Trivia question: Floppy Disk Controller "Read Deleted Data"

[tom9876543]

Hi,

I was reading the Intel 82077AA Datasheet.
1) Would someone know the purpose of the "Read Deleted Data" and "Write Deleted Data" commands? I guess it is related to bad sectors?
2) Does someone know precisely how sectors are arranged on the floppy disk? How does the 82077AA know if a sector is bad? Also there is mention of CRC, how is that managed?
3) If computer does "Read Deleted Data" on a good sector, I assume it returns an error? And presumably "Read Data" on bad sector returns an error?
4) If computer does "Write Deleted Data" on a good sector, does the sector also get marked as a bad sector?

Thanks

[Brendan]

Hi,

1) Would someone know the purpose of the "Read Deleted Data" and "Write Deleted Data" commands? I guess it is related to bad sectors?

The purpose of "Write Deleted Data" is to mark a sector as deleted (and write to it) such that the normal "Read Data" command will no longer read that sector; and the purpose of "Read Deleted Data" is to read a sector that was previously marked as deleted.

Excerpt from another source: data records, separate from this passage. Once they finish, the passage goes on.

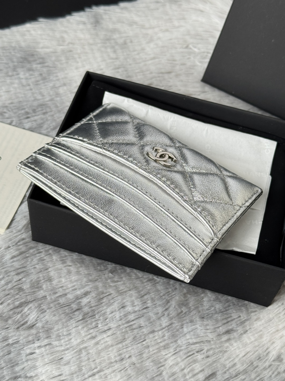 Chanel 2025 new product card holder in lambskin with seven card slots. Can hold change. Made of imported Italian lambskin + hardware logo. So beautiful. I love it. The color is as shown in the picture. It is convenient and quick to store. Mini card holder. No.: AP4472 Size: wcm
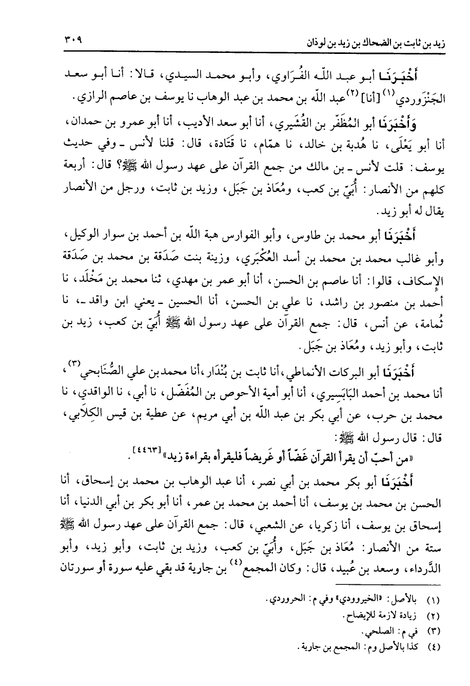 أخبرنا أبو عبد الله الفراوي وأبو محمد السيدي قالا أنا أبو سعد الجنزرودي (1) أنا (2) عبد الله بن محمد بن عبد الوهاب نا يوسف بن عاصم الرازي وأخبرنا أبو المظفر بن القشيري أنا أبو سعد الأديب أنا أبو عمرو بن حمدان أنا أبو يعلى نا هدبة بن خالد نا همام نا قتادة قال قلنا لأنس وفي حديث يوسف قلت لأنس بن مالك من جمع القرآن على عهد رسول الله (صلى الله عليه وسلم) قال أربعة كلهم من الأنصار أبي بن كعب ومعاذ بن جبل وزيد بن ثابت ورجل من الأنصار يقال له أبو زيد أخبرنا أبو محمد بن طاوس وأبو الفوارس هبة الله بن أحمد بن سوار الوكيل وأبو غالب محمد بن محمد بن أسد العكبري وزينة بنت صدقة بن محمد بن صدقة الإسكاف قالوا أنا عاصم بن الحسن أنا أبو عمر بن مهدي ثنا محمد بن مخلد نا أحمد بن منصور بن راشد نا علي بن الحسن أنا الحسين يعني ابن واقد نا ثمامة عن أنس قال جمع القرآن على عهد رسول الله (صلى الله عليه وسلم) أبي بن كعب زيد بن ثابت وأبو زيد ومعاذ بن جبل أخبرنا أبو البركات الأنماطي أنا ثابت بن بندار أنا محمد بن علي الصنابحي (3) أنا محمد بن أحمد البابسيري أنا أبو أمية الأحوص بن المفضل نا أبي نا الواقدي نا محمد بن حرب عن أبي بكر بن عبد الله بن أبي مريم عن عطية بن قيس الكلابي قال قال رسول الله (صلى الله عليه وسلم) من أحب أن يقرأ القرآن غضا أو غريضا فليقرأه بقراءة زيد
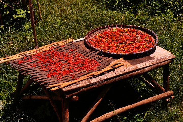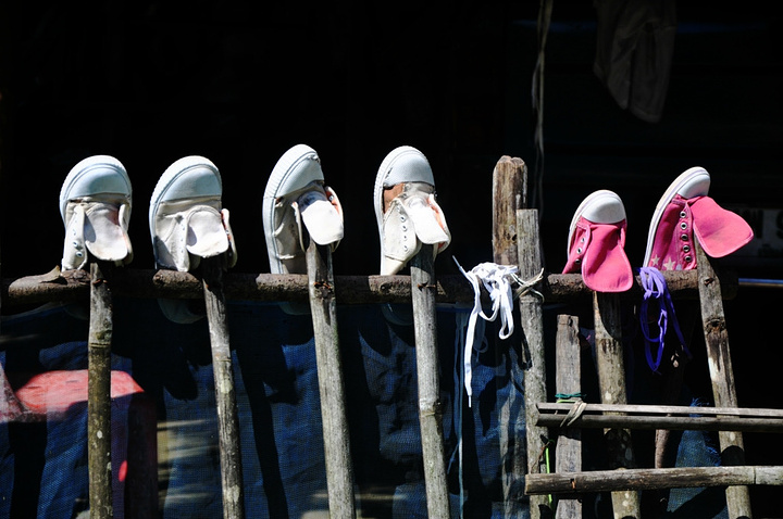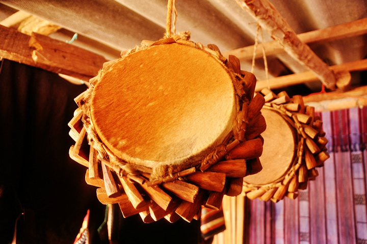 在阿卡族村民家里发现了这个风格迥异的自制手鼓 不知是什么动物皮毛做的 而且鼓皮上全都是动物毛发 敲了几下 声音居然很清脆 问他多少钱 他说不卖 因为村子里举行活动时他演出还要用
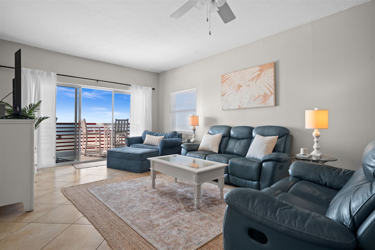 A solo unos pasos de la playa, este apartamento de playa recién reformado y perfectamente ubicado es tu escapada de lujo. El dormitorio grande, la elevada sala de estar y la moderna cocina abierta, así como el generoso balcón con vistas directas al golfo, harán que nunca quieras irte. Este apartamento está mejor equipado que el alquiler vacacional promedio y viene con su espectáculo privado diario al atardecer. Sigue leyendo para obtener más información...
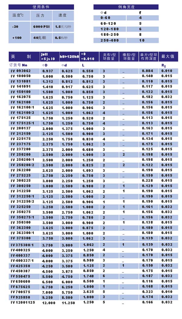 单向活塞杆密封,适用于中型液压缸,密封组由上下两个封片,以及一系列V型环组成:

The intent may have been to use it to mark sectors as faulty, but it's not used for that by any OS (and as far as I know, it's not used at all by any OS). However, on OSs like DOS where applications can do whatever they like, it may have been used once upon a time for disk copy protection mechanisms (e.g. so that the disk's contents can't be read or copied without special software).

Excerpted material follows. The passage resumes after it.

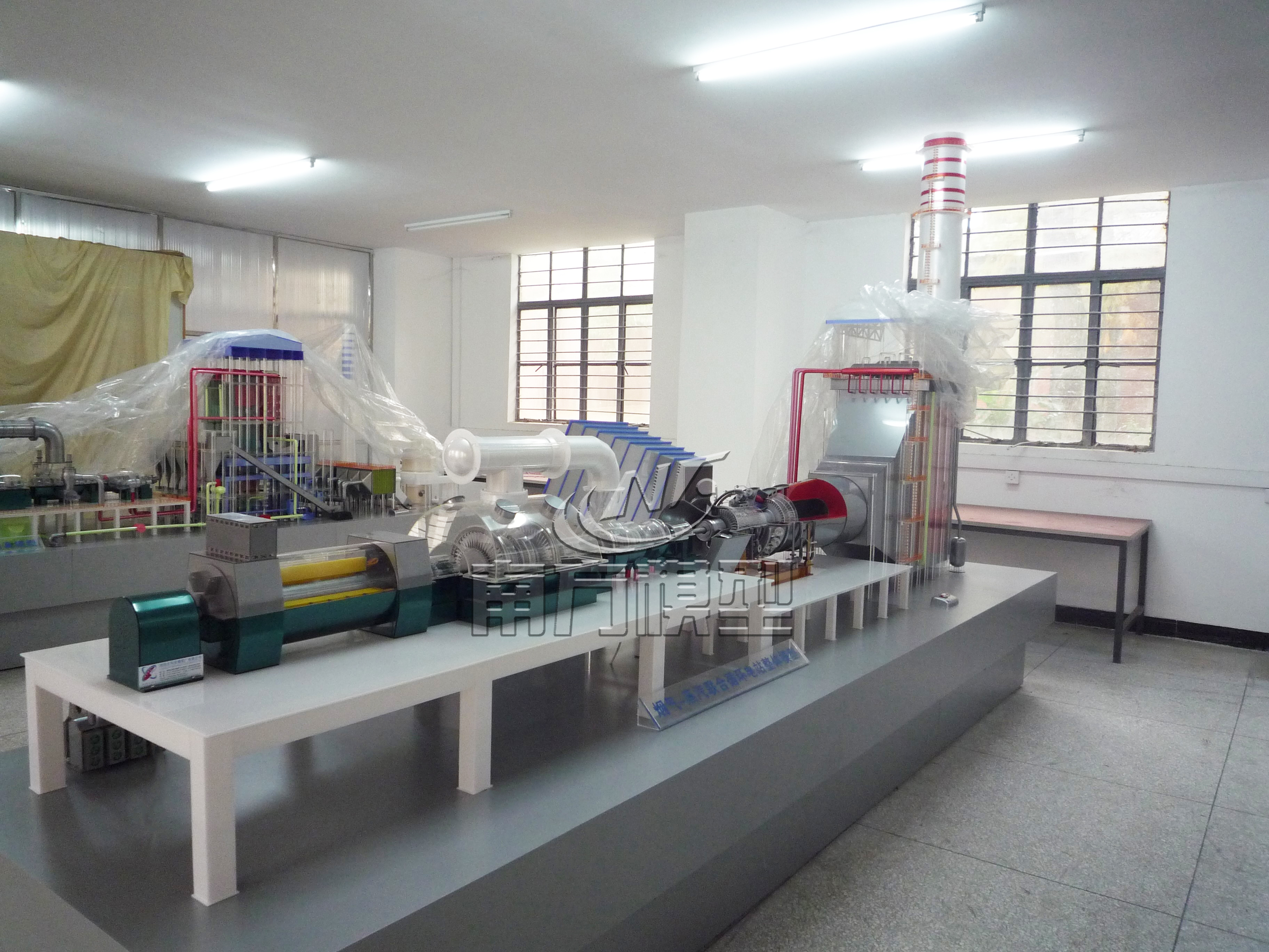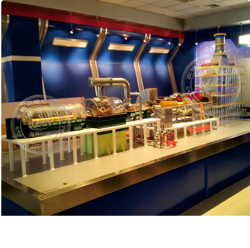 机组模型的展台采用35*35不锈钢方管制作骨架,表面上覆设1mm厚度304不锈钢板材,再以氩弧焊点焊焊接,整体焊接成型后稳如泰山,结构坚固。这个燃气-蒸汽联合循环发电机组模型工作电压为AC220V,用电功率仅为1kW。使用温度为-35℃~+50℃的恒温环境,展示出极强的环境适应性。当接通电源打开电源开关时,其核心部件包括余热锅炉、燃气轮机、蒸汽轮机和发电机,由它们共同构成的这个精密而高效的发电系统便运转起来,向观众展示整个机组的运行工作原理。电站运行过程:天然气经过加热后进入燃气轮机的燃烧室,与压气机压入的高压空气混合燃烧,瞬间产生的高温高压气流,推动着燃气轮机旋转做功。燃气轮机排出的高温气体,则进入余热锅炉,将水加热成高温高压蒸汽,这些蒸汽如同力量之源,驱动着蒸汽轮机旋转做功。燃气轮机、蒸汽轮机和发电机的转轴相互连接,通过旋转实现燃气轮机、蒸汽轮机同时推动发电机旋转发电的功能。完成了从热能到电能的转变。
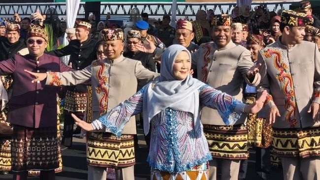 Pemerintah Kota (Pemkot) Bandar Lampung menggelar pawai budaya bertajuk Tari Ngigel di kawasan Tugu Adipura, Minggu (3/8/2025). Kegiatan ini diikuti puluhan peserta dari organisasi perangkat daerah (OPD), BUMD, hingga perwakilan seluruh kecamatan di Kota Tapis Berseri.

2) Does someone know precisely how sectors are arranged on the floppy disk? How does the 82077AA know if a sector is bad? Also there is mention of CRC, how is that managed?

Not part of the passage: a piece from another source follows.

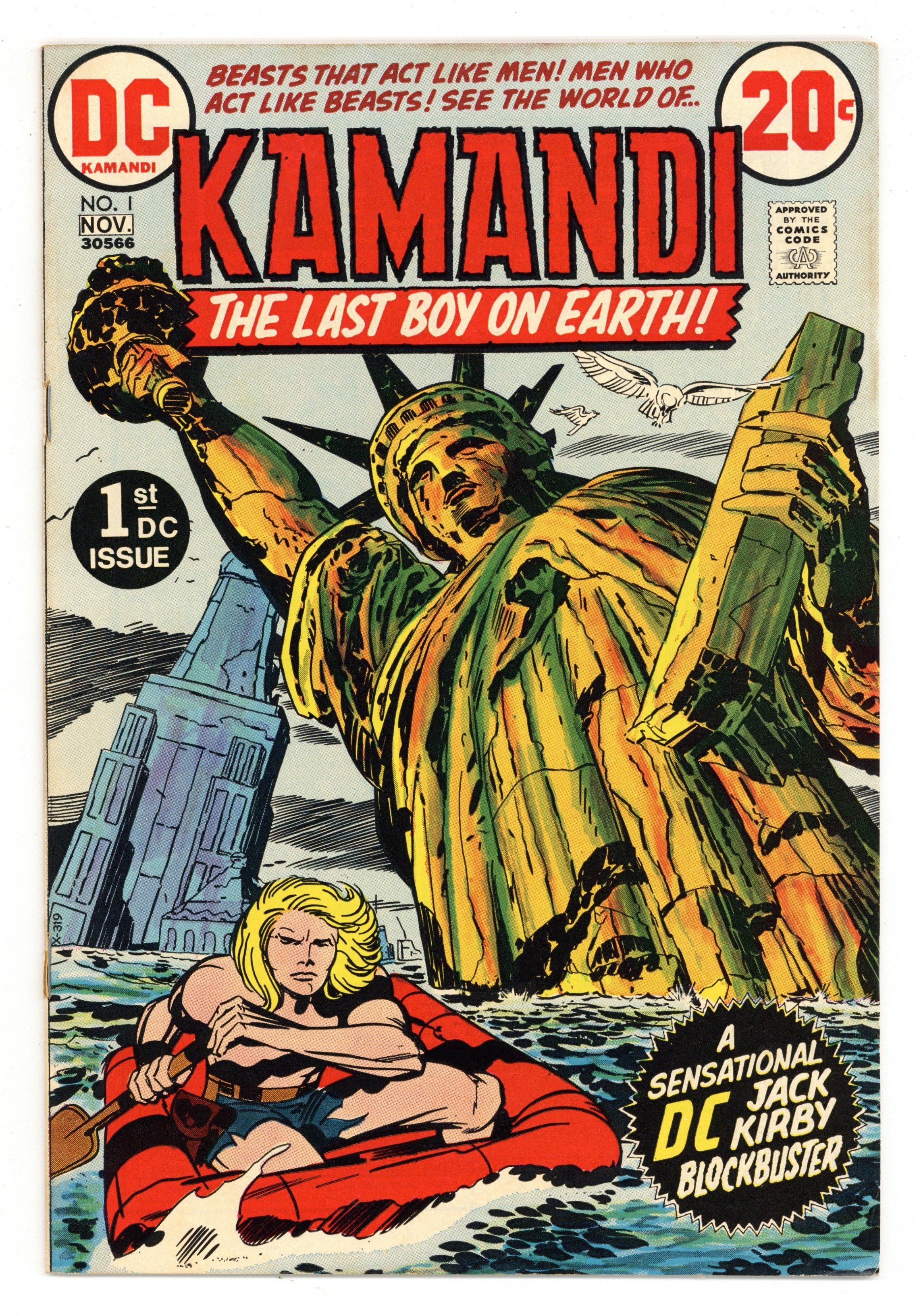 $16.001st appearance and origin of Kamandi. "The Last Boy on Earth." Script and pencils by Jack Kirby, inks by Mike Royer. Cover by Kirby and Royer. A series that borrows many concepts from Planet of the Apes, Kamandi takes place in an alternate future where animals have mutated into bipedal beings of intelligence and where humans are treated like savage beasts. Kamandi avenges the death of his grandfather, who was killed by wolves, but is then captured by a tiger named Caesar, who turns him over to dog-scientist Dr. Canus. Canus proceeds to help Kamandi, and this is where the so-called last boy on earth hooks up with Ben Boxer, a mutated human who can turn to living metal. Cover price $0.20.

The actual data written to the disk is mentioned in the relevant datasheet (including gaps, address marks, CRC field, sector data, etc). The floppy controller is responsible for calculating the CRC (for writes) and checking the CRC (for reads). The floppy controller assumes the sector is bad if the CRC is wrong; which means there's a chance that a sector is bad but the floppy controller didn't notice because the 8-bit CRC happened to match by accident (false positives); and also a chance that the data is correct and the CRC is bad (false negatives).

3) If computer does "Read Deleted Data" on a good sector, I assume it returns an error? And presumably "Read Data" on bad sector returns an error?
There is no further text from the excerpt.